Breathing through my mouth and around the obstruction became difficult, making an unnatural panic leap within me. Horrible thoughts of a bloody end to my situation careened through my mind. I sat straight and tall in my seat and tried to calm myself. Then everyone at my table watched as I carefully, delicately, reached the index finger and thumb of my right hand deep into the tunnel of my gullet to pull out a cluster of bone and cartilage the size of a Ping-Pong ball. It had enough spiny offshoots to rival the proudest of porcupines. Revulsion rippled my middle as I inspected my would-be killer and noticed a speck of blood that had been pricked from the intimacy of my throat.

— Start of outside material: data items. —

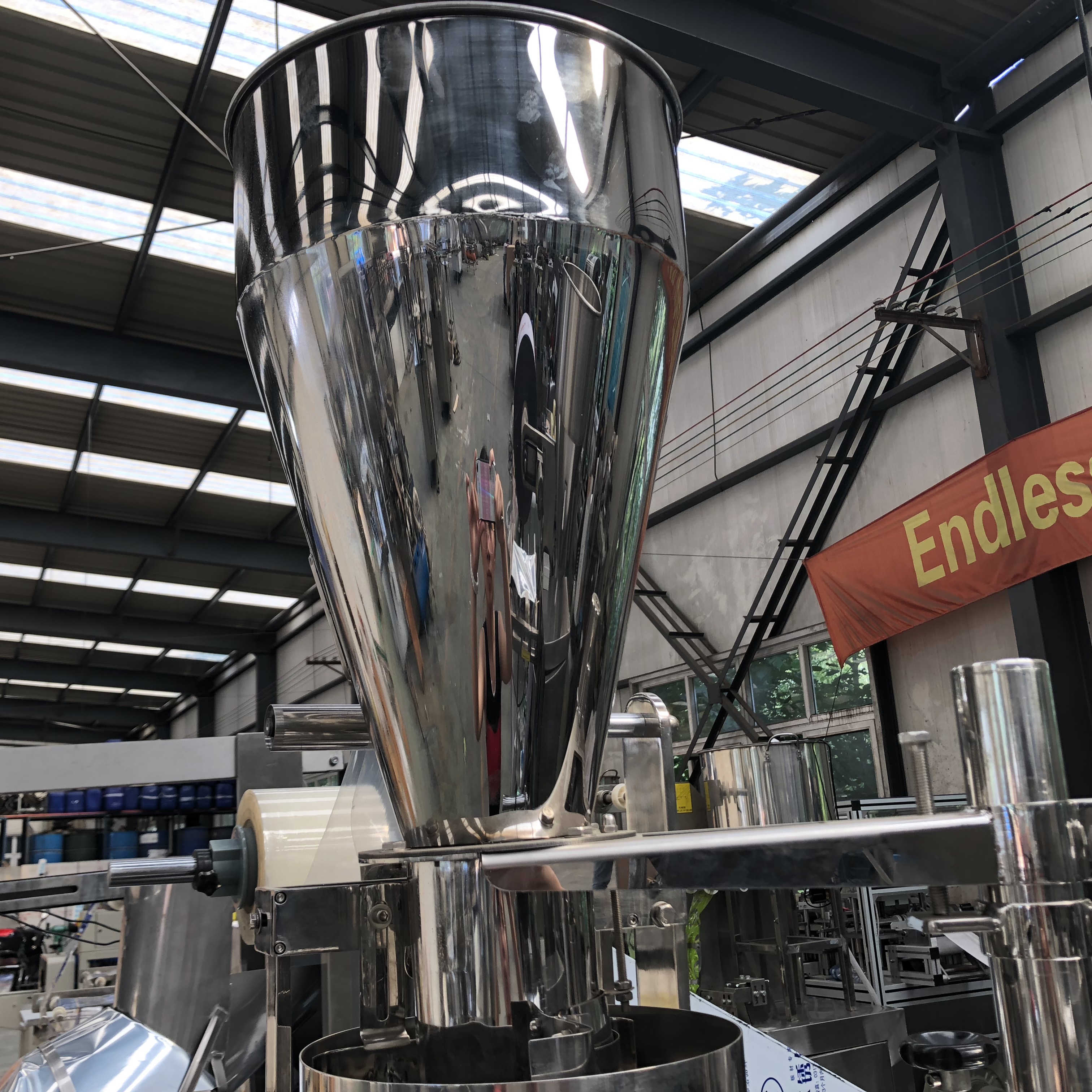 2. The main features of this machine are: one-time complete inner and outer bag packing, avoid contacting material by hand.
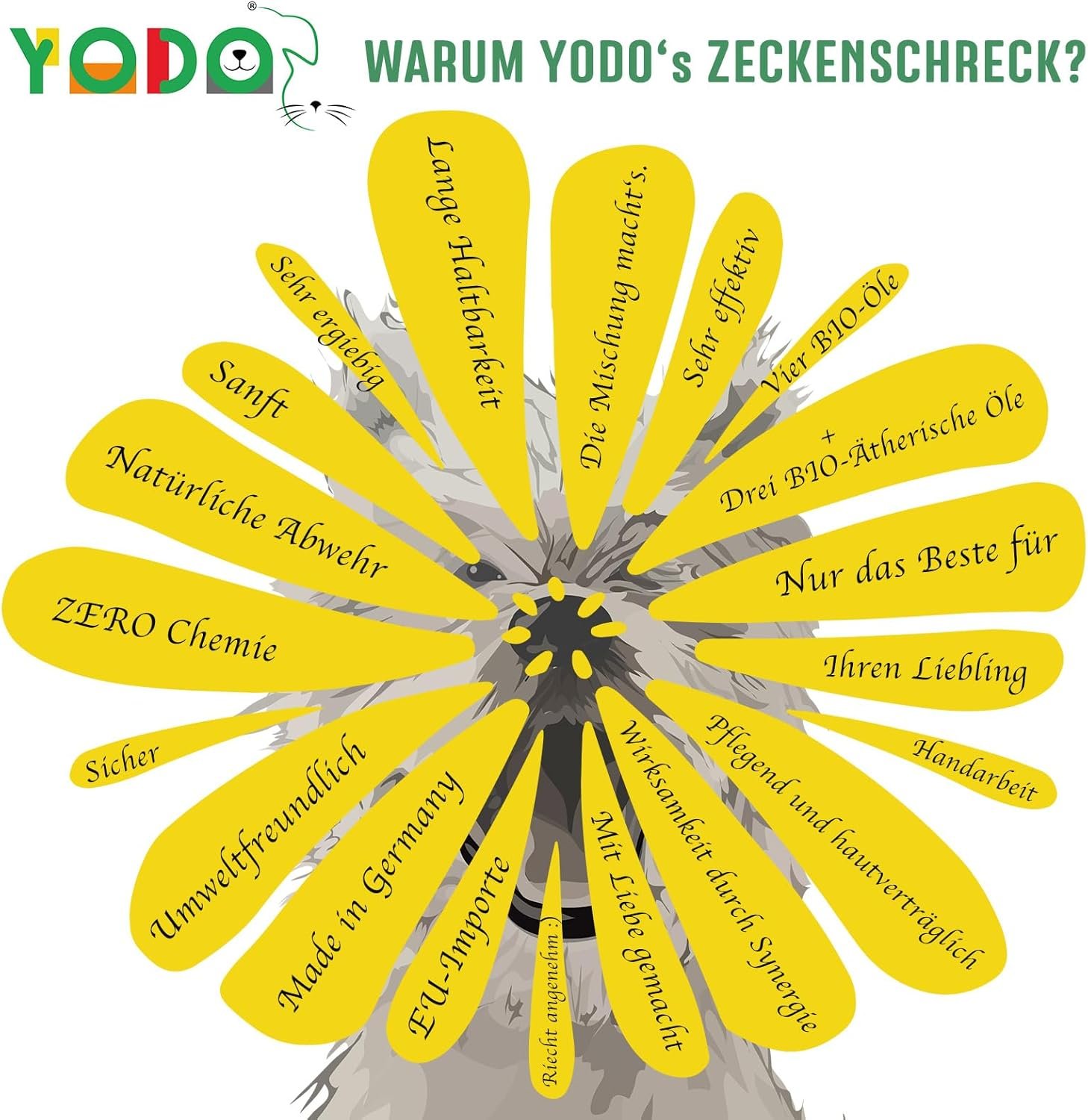 Für Tier und Natur – ohne Kompromisse: Wir setzen auf Nachhaltigkeit und Verantwortung! YODO’S Zeckenschutz ist frei von synthetischen Chemikalien, Parabenen oder künstlichen Duftstoffen – sicher für Ihr Haustier und umweltfreundlich.
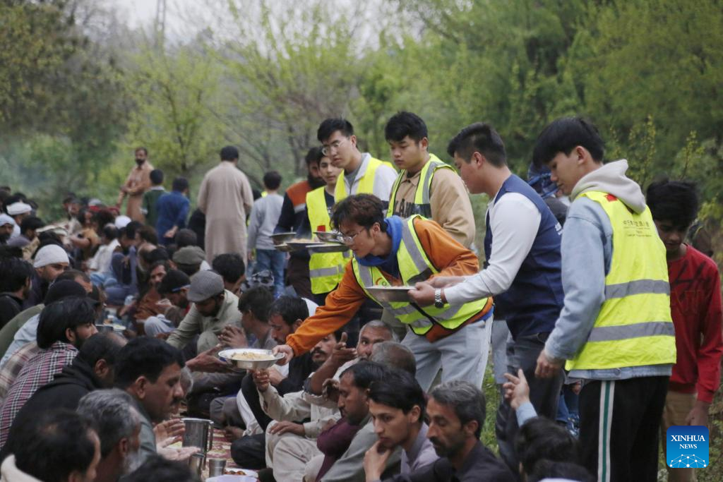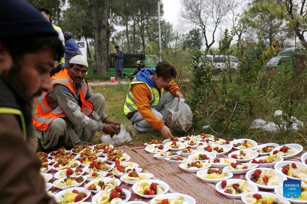 ISLAMABAD, March 31 (Xinhua) -- Raising his hands in prayer according to Muslim traditions while breaking his fast at dusk in the Islamic holy month of Ramadan, Muhammad Rashid made a wish for the health and happiness of Chinese volunteers serving food to Pakistanis at a makeshift dining place on the outskirts of the Pakistani capital.
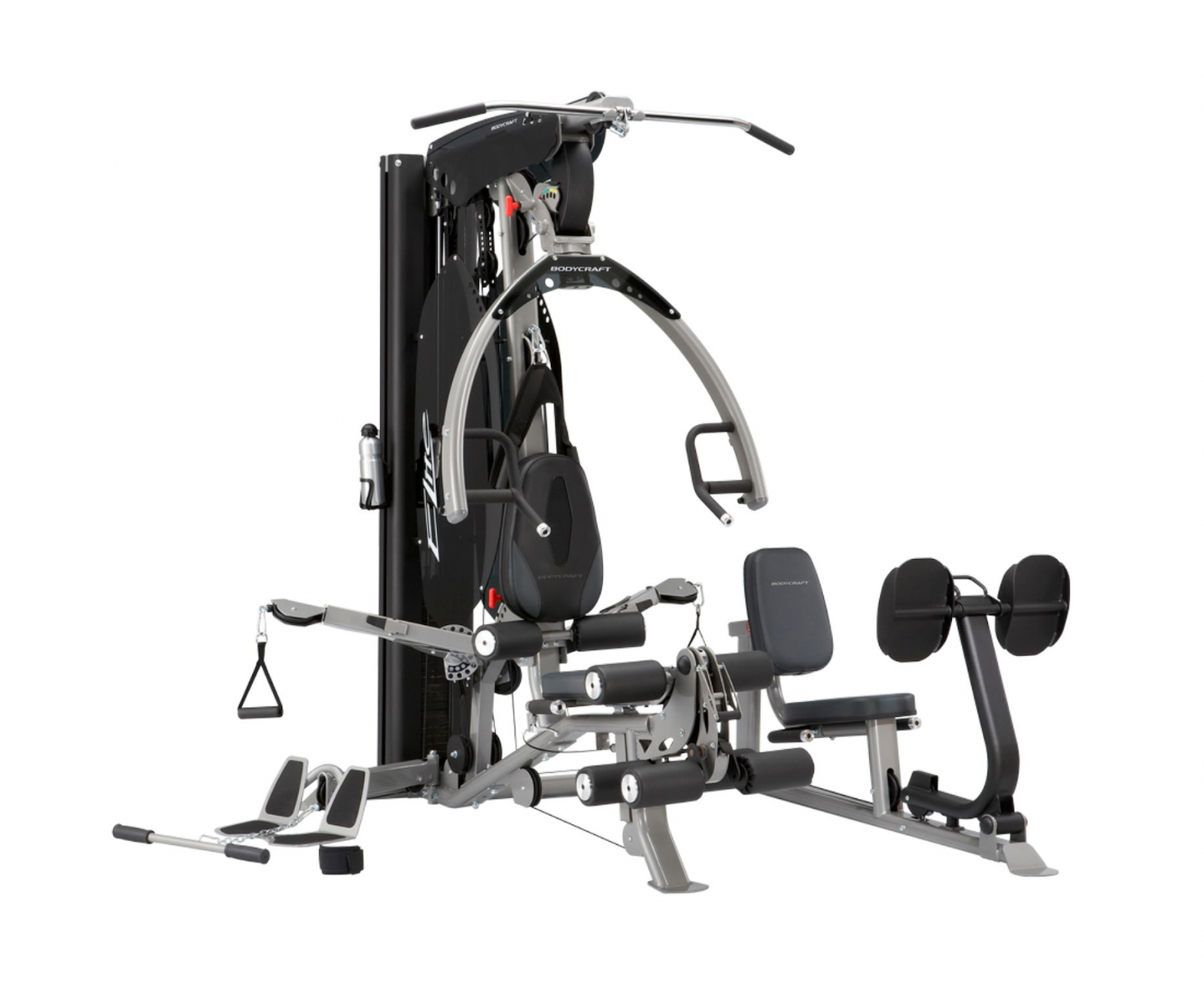 Многофункциональный, долговечный и универсальный силовой комплекс Body Craft Elite V5 с дополнением ELITE LP - жим для ног.Прорезиненные ручки с алюминиевыми наконечникамиПрочная стальная рамаБольшие роликиУдобные и регулируемые сиденьяОртопедическая спинкаОколо 30 различных упражнений на все группы мышц.Запатентованные рычаги на тросах имитируют полный ряд упражнений с гантелями, специальных спортивных и реабилитационных упражнений.
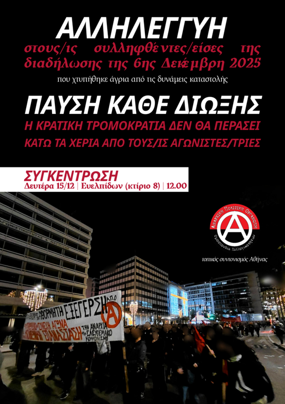Το Σάββατο 6 Δεκέμβρη 2025 η αστυνομία που είχε διαταχθεί περιμετρικά των αναρχικών μπλοκ της πορείας, στα οποία συμμετείχαν 6 - 7 χιλιάδες συντρόφισσες και σύντροφοι με κατάληξη το μνημείο του δολοφονημένου συντρόφου Αλέξανδρου Γρηγορόπουλου στα Εξάρχεια, επιτέθηκε σε όλο το μήκος τους και από όλες τις πλευρές στη συμβολή των οδών Πανεπιστημίου και Μπενάκη. Πρόκειται για μια πρωτοφανή την τελευταία περίοδο επίθεση, όσον αφορά την περικύκλωση και το χτύπημα χωρίς δυνατότητα διαφυγής τόσο μεγάλου πλήθους διαδηλωτών και τα δολοφονικά αποτελέσματα που αυτή θα μπορούσε να επιφέρει. Πρόκειται για μια υψηλού ρίσκου κατασταλτική επιχείρηση ώστε να καμφθεί η ακατάβλητη αγωνιστική διάθεση ενός σημαντικού μέρους της κοινωνίας που εκδηλώνεται σταθερά απέναντι σε κάθε συνθήκη και ανεξάρτητα από κάθε συσχετισμό ισχύς με την κρατική επιβολή.
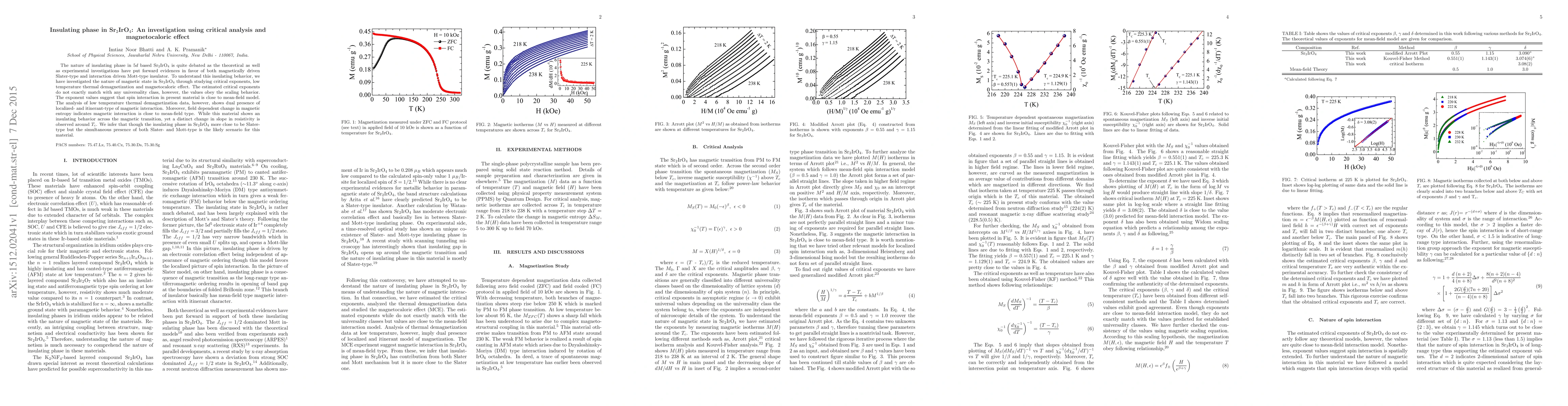 The nature of insulating phase in 5$d$ based Sr$_2$IrO$_4$ is quite debated as the theoretical as well as experimental investigations have put forward evidences in favor of both magnetically driven Slater-type and interaction driven Mott-type insulator. To understand this insulating behavior, we have investigated the nature of magnetic state in Sr$_2$IrO$_4$ through studying critical exponents, low temperature thermal demagnetization and magnetocaloric effect. The estimated critical exponents do not exactly match with any universality class, however, the values obey the scaling behavior. The exponent values suggest that spin interaction in present material is close to mean-field model. The analysis of low temperature thermal demagnetization data, however, shows dual presence of localized- and itinerant-type of magnetic interaction. Moreover, field dependent change in magnetic entropy indicates magnetic interaction is close to mean-field type. While this material shows an insulating behavior across the magnetic transition, yet a distinct change in slope in resistivity is observed around $T_c$. We infer that though the insulating phase in Sr$_2$IrO$_4$ more close to be Slater-type but the simultaneous presence of both Slater- and Mott-type is the likely scenario for this material.
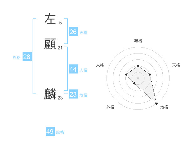 左顧 麟さんの総格は49画の2点!
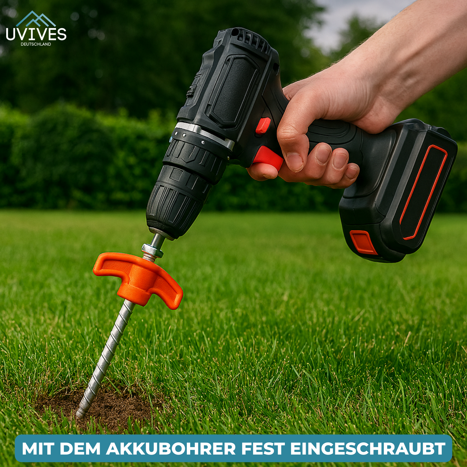 Med DrillPeg fäster du ditt tält, paviljong eller solsegel snabbt och enkelt med din batteridrivna skruvdragare.
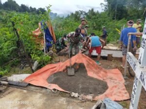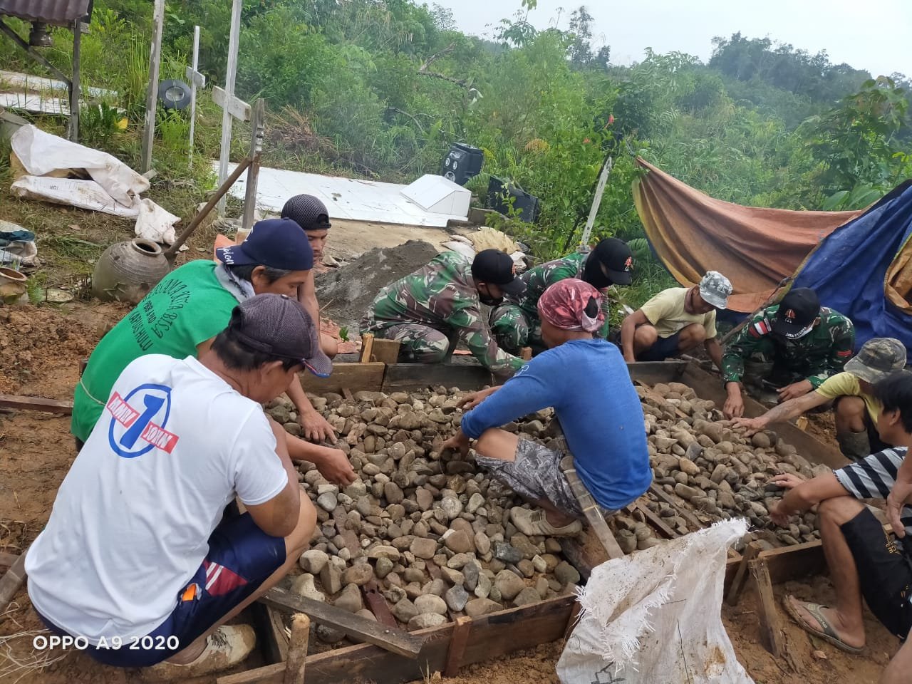 Langau 1 – Anggota Satgas Pamtas RI-Malaysia Yonif 144/JY membantu Pengecoran Makam Warga di desa Langau Kecamatan Puring Kencana Kabupaten Kapuas Hulu Kalimantan Barat. Hal ini disampaikan Dansatgas Pamtas RI-Malaysia Letkol Inf Andri Suratman dalam keterangan tertulisnya di Pos Kotis Badau. Minggu (10/10/2021).
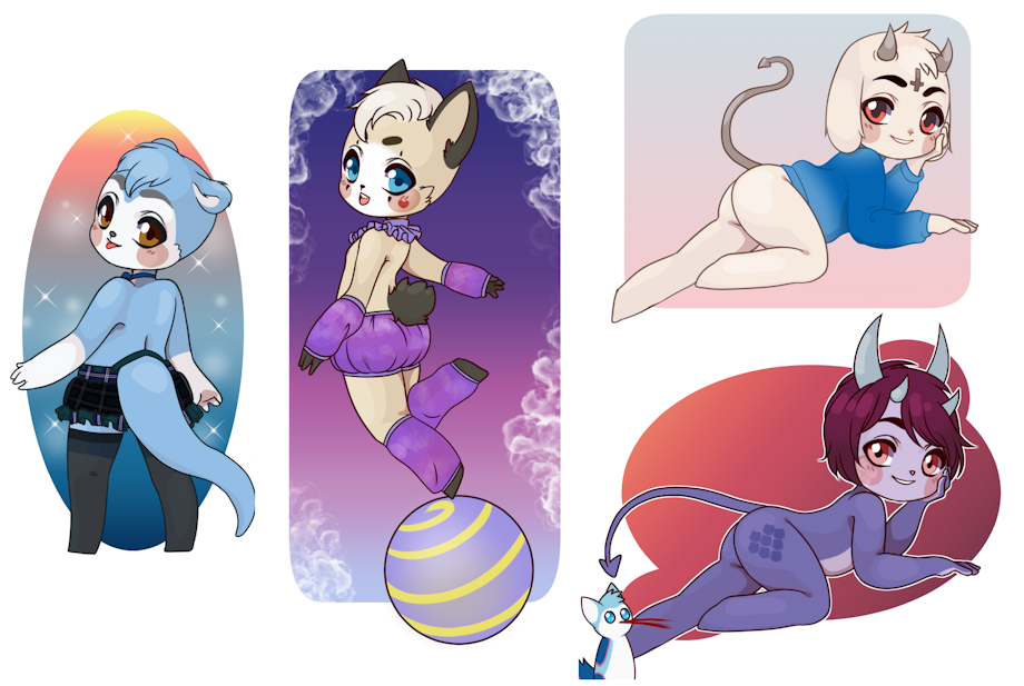 They can be SFW, NSFW, clothed (complex clothing or accessories might add to the base cost, ask if you're unsure!)
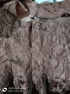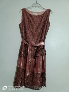 Lindo vestido tipo cocktail/fiesta en encaje y tela tipo satín. Con cierre para ajuste y cinta para la cintura (no tiene de un lado un hojal para la cinta).Talla 13/34
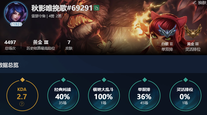 段位:194级 不屈白银II级 不屈白银II
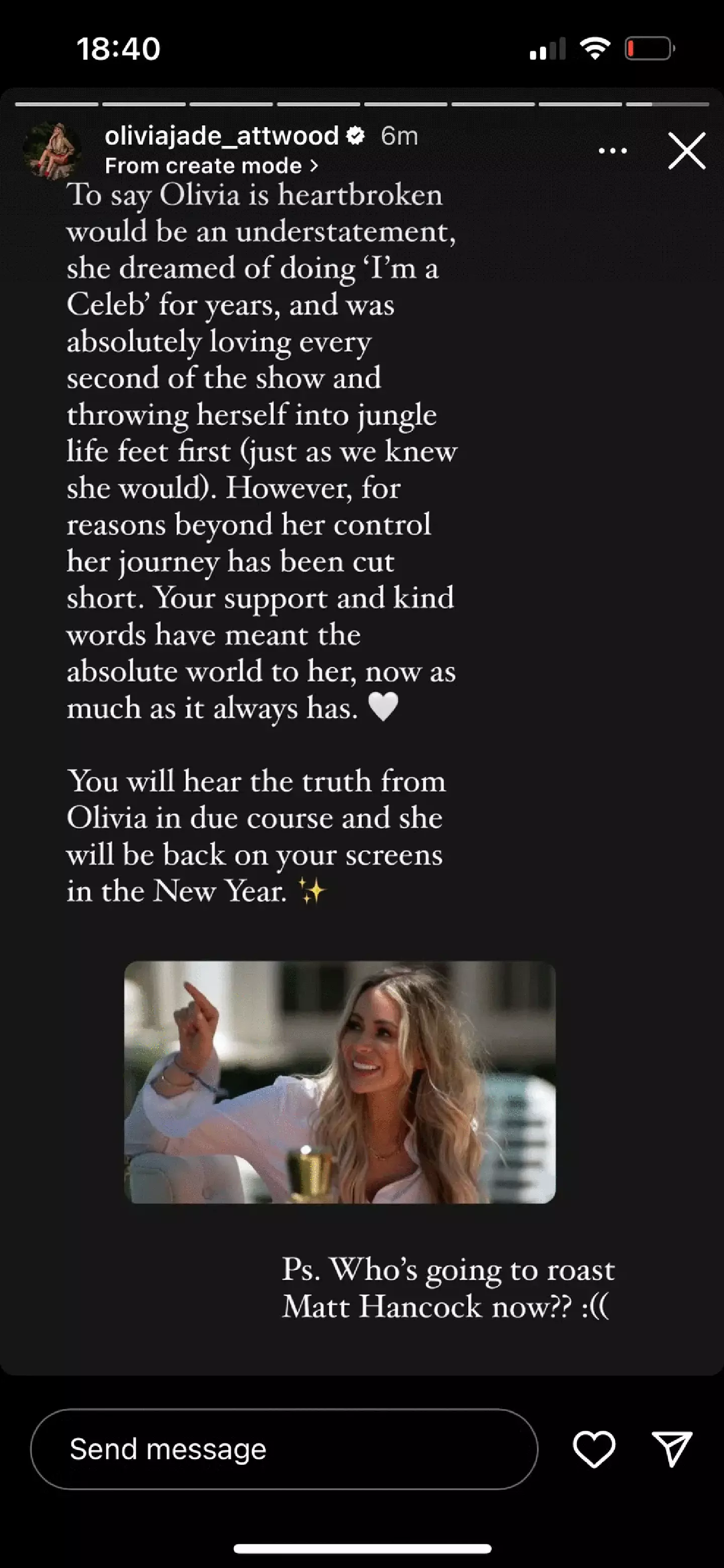It read: "To say Olivia is heartbroken would be an understatement, she dreamed of doing I'm a Celeb for years and was absolutely loving every second of the show and throwing herself into jungle life feet first (just as we knew she would).
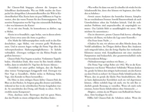Die Widerstände sind enorm: Bauernverbände, Umweltorganisationen und die lokale Politik haben jeweils ihre eigenen Gründe, das Projekt verhindern zu wollen. Als eine Pumpstation in Flammen aufgeht, wird die Kommunikationsexpertin Cecilia Thoma von Hamburg nach Avignon beordert. Vorgeblich soll sie die brodelnde Öffentlichkeit beruhigen. Doch als Unbekannte sie mit dem Tode bedrohen, beginnt sie selbst zu recherchieren und findet heraus: Unter den zahlreichen Kräften, die die Pipeline verhindern wollen, haben die gefährlichsten ihre Wurzeln in der eigenen Firma . . .
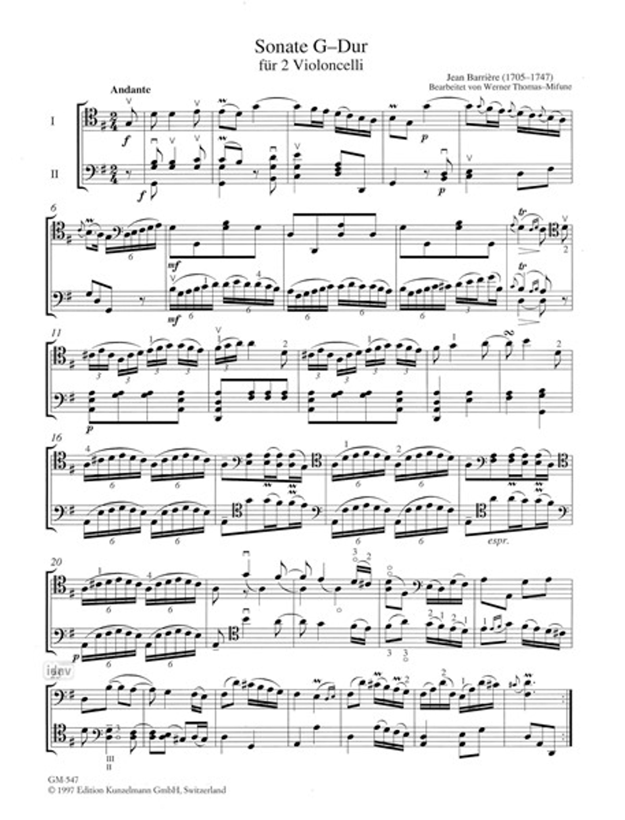 Jean-Baptiste Barriere: Sonate für 2 Violoncelli G-Dur

My voracious appetite had evaporated, but my body’s need for fuel remained. As I stared at what remained of the meal that had almost been my demise, conflict raged within me. I knew full well that I had a long night ahead with no prospect of food. A tentative swallow of lukewarm water informed me that my ravaged throat couldn’t take much more abuse.

Images of a painful, bloody, gurgling, choking death tickled my mind and turned my stomach, but I closed my eyes against them (which didn’t help) and teased another trickle of water past my wound (which hurt like hell). Opening my eyes, I glared at the wad of spiked chicken with an intense hatred and found the resolve to finish my food. I refused to let the porcupine chicken defeat me. So, after depositing the disgusting and dangerous clump on the edge of my tray, I inspected each bite carefully before placing it gingerly on my tongue, chewing it thoroughly, and forcing it down my injured esophagus.

2 thoughts on “Porcupine Chicken

  1. That would be a shit way to go. Slickmeat will probably get everyone in the end.

    Stupid question, can visitors bring prisoners food?

    • During visits at most institutions, including my own, visitors can purchase food from vending machines for their inmate from a prepaid card. There are chips and drinks as well as microwaveable meals.